# [HOW TO COMPLETE THIS TASK]
Pictures aside, restate the records below exactly as written.

[Collection entries]

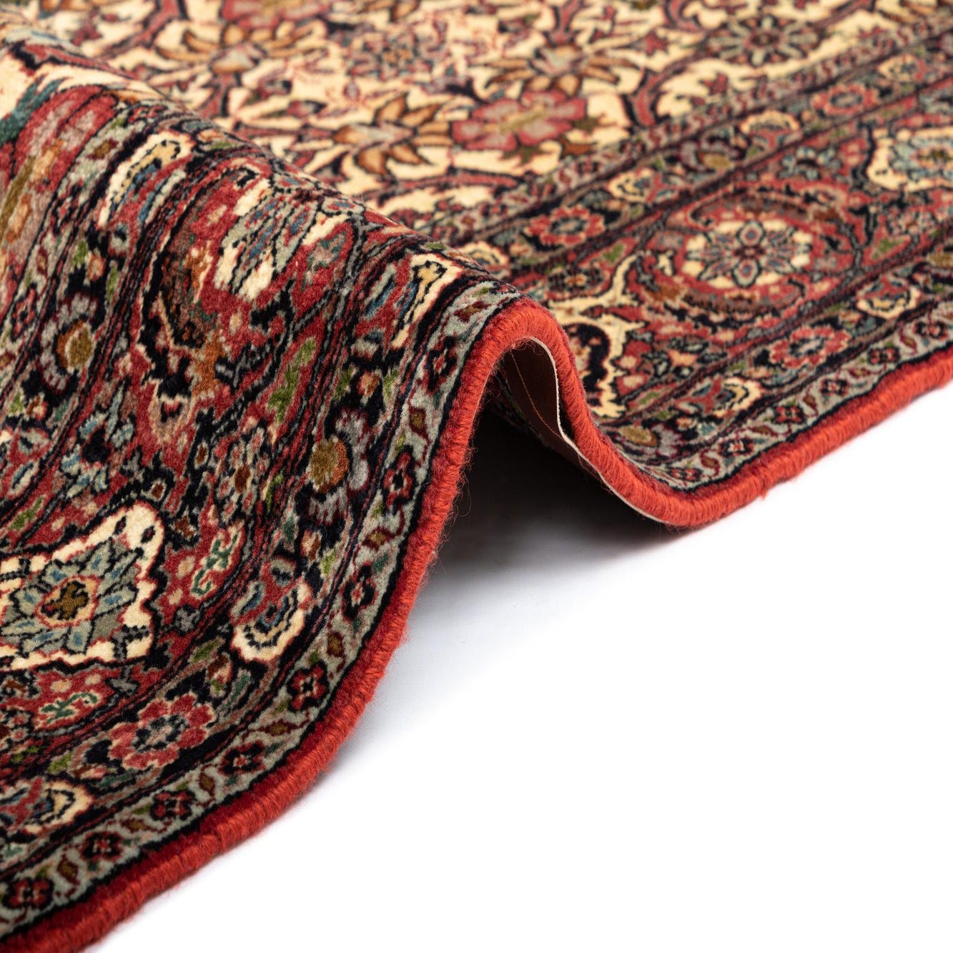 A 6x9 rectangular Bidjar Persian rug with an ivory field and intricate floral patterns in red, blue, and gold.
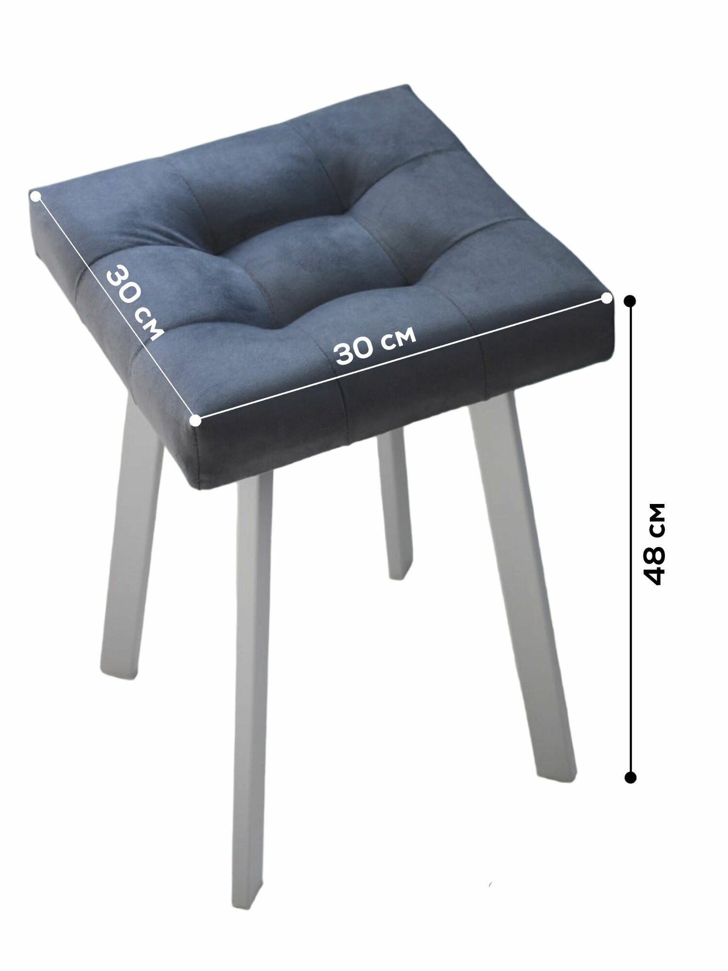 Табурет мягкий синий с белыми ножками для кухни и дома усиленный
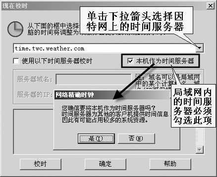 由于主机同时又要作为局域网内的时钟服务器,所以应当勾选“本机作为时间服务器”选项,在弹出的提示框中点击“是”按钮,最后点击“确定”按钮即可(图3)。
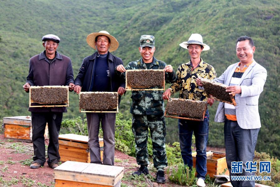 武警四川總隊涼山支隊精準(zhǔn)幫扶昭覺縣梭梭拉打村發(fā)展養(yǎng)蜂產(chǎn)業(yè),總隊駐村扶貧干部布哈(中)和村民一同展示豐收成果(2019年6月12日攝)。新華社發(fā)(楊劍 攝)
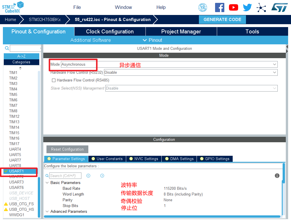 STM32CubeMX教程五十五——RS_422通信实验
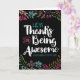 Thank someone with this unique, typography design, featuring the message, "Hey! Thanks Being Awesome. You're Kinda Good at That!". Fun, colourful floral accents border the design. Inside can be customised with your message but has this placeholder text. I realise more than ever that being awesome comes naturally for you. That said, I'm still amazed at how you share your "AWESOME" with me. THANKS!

# [REPLY TO THE TASK]
 A 6x9 rectangular Bidjar Persian rug with an ivory field and intricate floral patterns in red, blue, and gold.
 Табурет мягкий синий с белыми ножками для кухни и дома усиленный
 由于主机同时又要作为局域网内的时钟服务器,所以应当勾选“本机作为时间服务器”选项,在弹出的提示框中点击“是”按钮,最后点击“确定”按钮即可(图3)。
 武警四川總隊涼山支隊精準(zhǔn)幫扶昭覺縣梭梭拉打村發(fā)展養(yǎng)蜂產(chǎn)業(yè),總隊駐村扶貧干部布哈(中)和村民一同展示豐收成果(2019年6月12日攝)。新華社發(fā)(楊劍 攝)
 STM32CubeMX教程五十五——RS_422通信实验
 Thank someone with this unique, typography design, featuring the message, "Hey! Thanks Being Awesome. You're Kinda Good at That!". Fun, colourful floral accents border the design. Inside can be customised with your message but has this placeholder text. I realise more than ever that being awesome comes naturally for you. That said, I'm still amazed at how you share your "AWESOME" with me. THANKS!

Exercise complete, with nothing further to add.